Saúde

Exames cerebrais mostram que adolescentes começam a responder mais a vozes não familiares aos 13 anos
O novo trabalho envolveu fazer gravações de áudio de mães voluntárias dizendo palavras sem sentido. Os pesquisadores então reproduziram as gravações para os filhos adolescentes das mães durante exames de ressonância magnética,
Por Bob Yirka - 29/04/2022


Domínio público

Uma equipe de pesquisadores da Universidade de Stanford descobriu que, aproximadamente aos 13 anos, os cérebros dos adolescentes começam a responder mais fortemente a vozes que não são suas mães. Em seu artigo publicado no The Journal of Neuroscience , o grupo descreve como eles construíram suas pesquisas anteriores para aprender mais sobre as maneiras pelas quais os adolescentes amadurecem e se tornam pessoas independentes.

Em 2016, a mesma equipe realizou um esforço de pesquisa que envolveu o estudo do cérebro de crianças à medida que elas respondiam às vozes de suas mães. Eles descobriram que crianças pequenas não só conseguiam identificar com precisão a voz de sua mãe, mas que ouvi-la desencadeava uma série de áreas de processamento no cérebro . Nesse novo esforço, os pesquisadores expandiram essas descobertas realizando testes semelhantes nos cérebros de crianças à medida que cresciam na adolescência.

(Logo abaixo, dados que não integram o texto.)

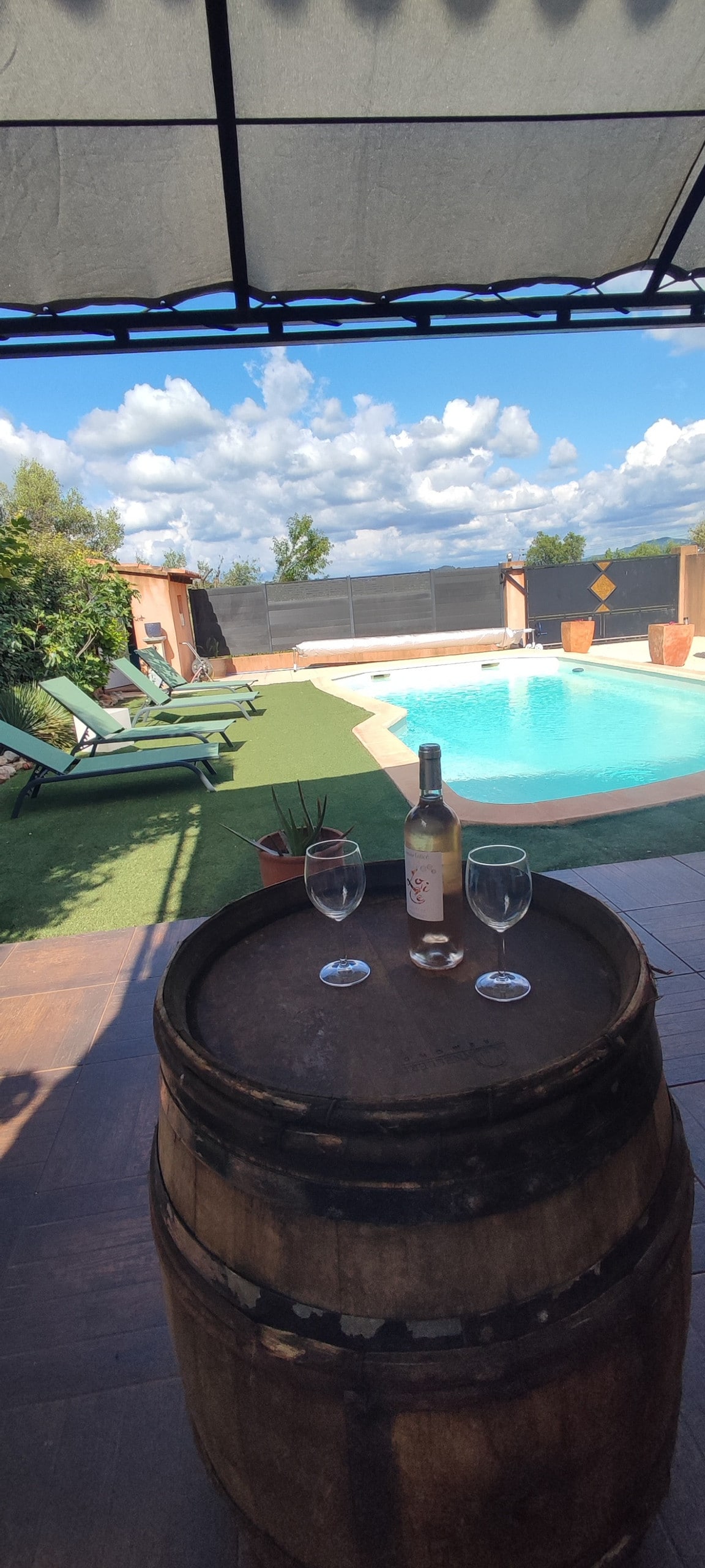 Located in the Coeur du Var region, our accommodation is an independent part of our house. Ideally located to allow you to travel around our beautiful department. You can explore its beautiful beaches but also its charming hinterland. You can also peacefully enjoy, with breathtaking views, the pleasures of swimming in our large shared pool or take a walk on the GR, which passes behind our house.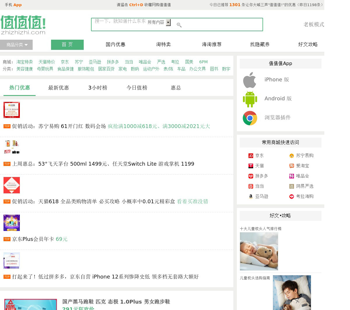 网购值值值是一个特价搜索引擎:实时监控全网什么值得买类资讯和爆料,每日同步推荐1000+高性价比商品和打折促销活动。让你在第一时间,一站式获取全网优惠券和特价信息
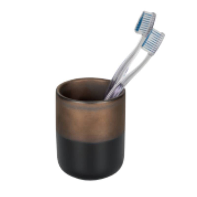 Elegantiškas keramikinis dantų šepetėlių laikiklis su matine juoda ir bronzine apdaila, suteikiantis voniai išskirtinio stiliaus.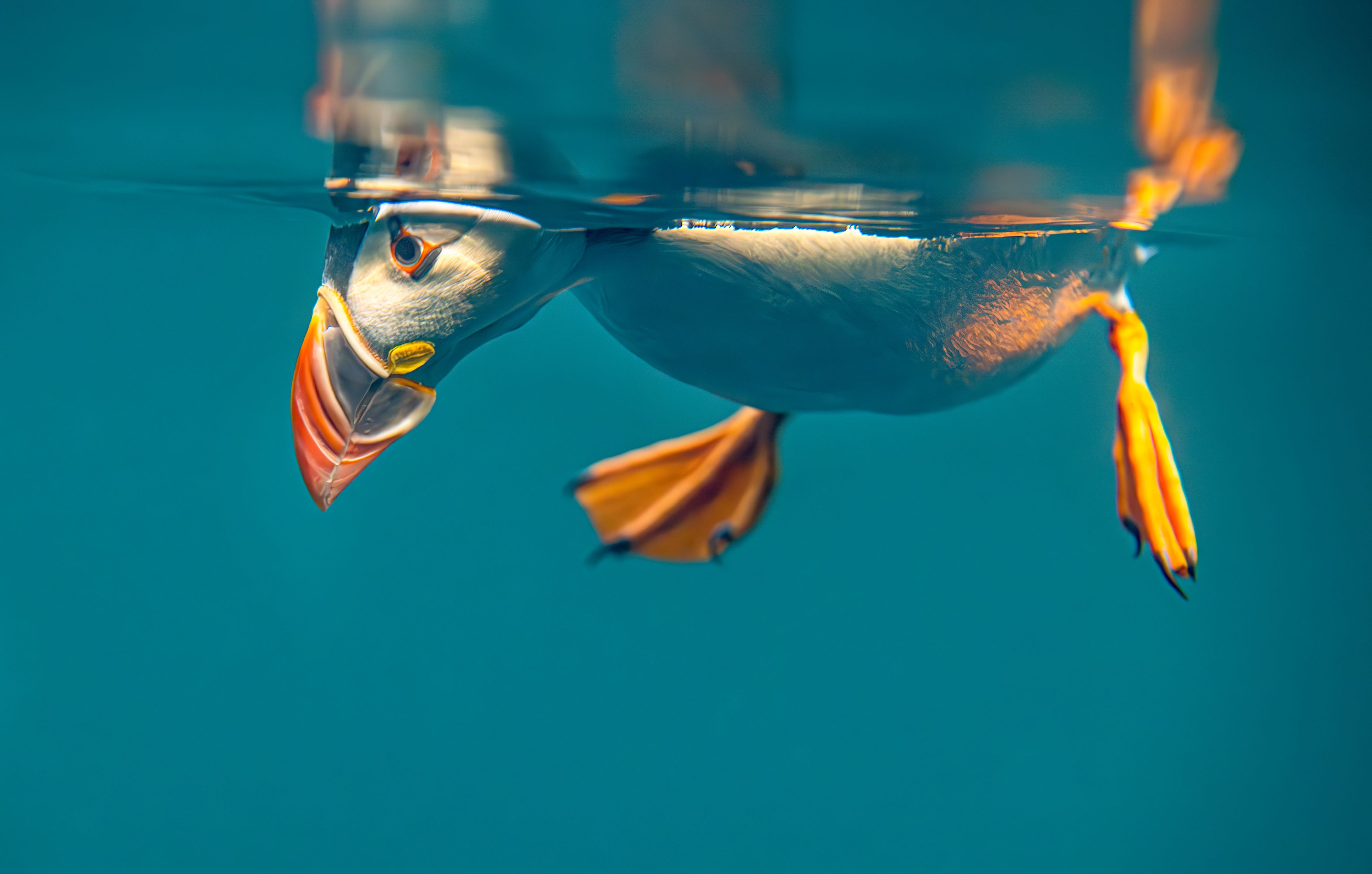 A puffin swims underwater in search for fish off the coast of the Farne Islands in Northumberland, North East England in the last decade of July 2025. (Photo by Brian Matthews/Solent News & Photo Agency)

O novo trabalho envolveu fazer gravações de áudio de mães voluntárias dizendo palavras sem sentido. Os pesquisadores então reproduziram as gravações para os filhos adolescentes das mães durante exames de ressonância magnética, que destacaram as partes do cérebro que estavam sendo ativadas. Os pesquisadores também tocaram outros sons aleatórios e vozes de pessoas que não eram conhecidas pelos voluntários.

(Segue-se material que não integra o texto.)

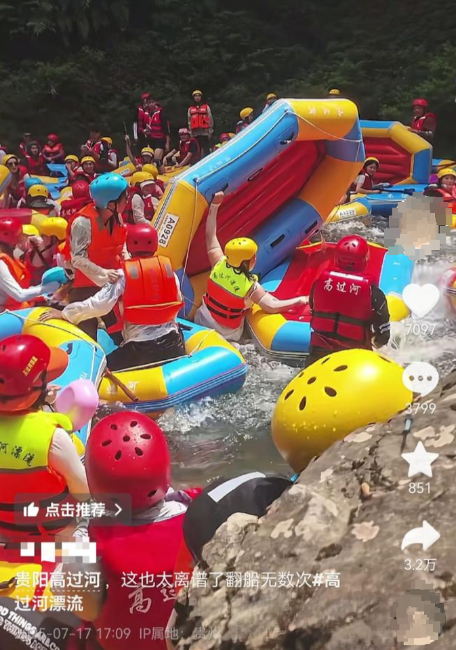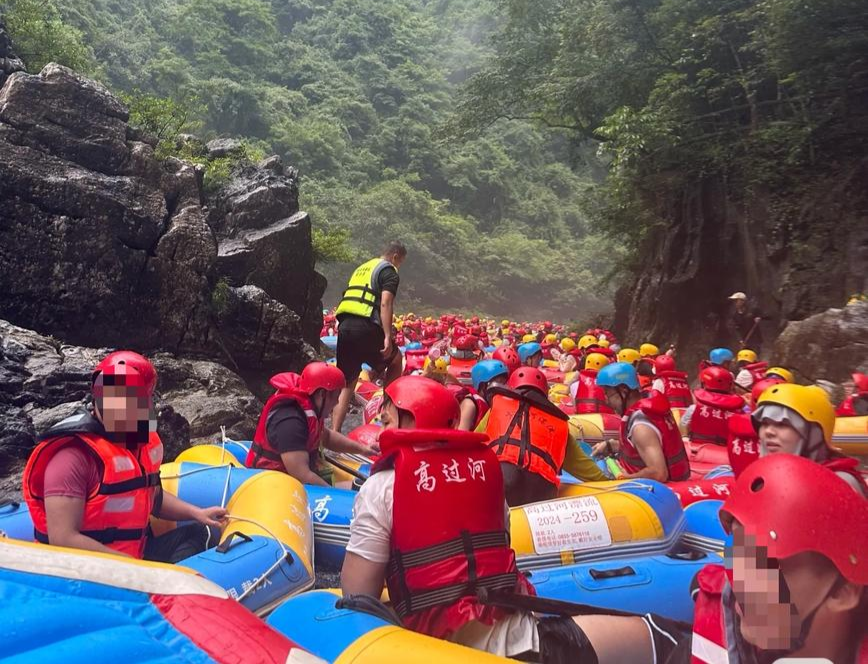 “人流量很大,船只堵在一起确实危险。我坐的漂流船被撞翻了两次,后面我直接弃船走到终点。”网友“黄豆酱”分享了她近日在高过河景区的漂流体验。从她分享的视频可以看到,水面上布满了漂流的皮划艇,并不断有皮划艇从上游下来,刚碰上漂流队伍,船就被撞翻了,场面很混乱。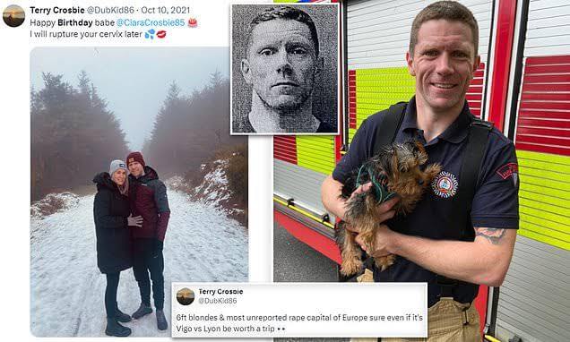 ‘Happy Birthday babe,’ Crosbie wrote on X on October 10, 2021. ‘I will rupture your cervix later.’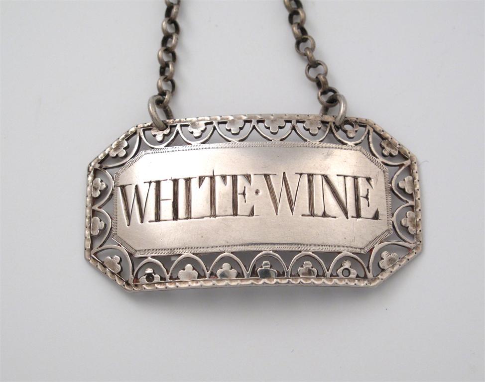 A George III silver wine label, by Phipps and Robinson, London 1791, rectangular form, canted corners, with a pierced foliate border and bright-cut decoration, incised 'WHITE WINE', length 4.7cm.

Eles descobriram que os adolescentes ainda reconheciam com precisão as vozes de suas mães, mas quando atingiam uma certa idade, geralmente em torno de 13 a 14 anos, seus cérebros começaram a responder com menos entusiasmo às gravações das vozes de suas mães e mais ao ouvir as vozes de outros pessoas. Eventualmente, eles responderam mais a vozes desconhecidas do que à voz de sua mãe. Mais especificamente, eles descobriram que o sulco temporal superior seletivo de voz tornou-se mais ativo nos adolescentes à medida que envelheciam ao ouvir quase qualquer voz .

Seu trabalho ajuda a confirmar teorias que sugerem que o cérebro humano se desenvolve para responder a um ambiente em mudança. À medida que a criança amadurece na adolescência, ela precisa aprender a ser mais criaturas sociais — e seu cérebro ajuda nesse processo prestando menos atenção à mãe e mais aos amigos e associados externos.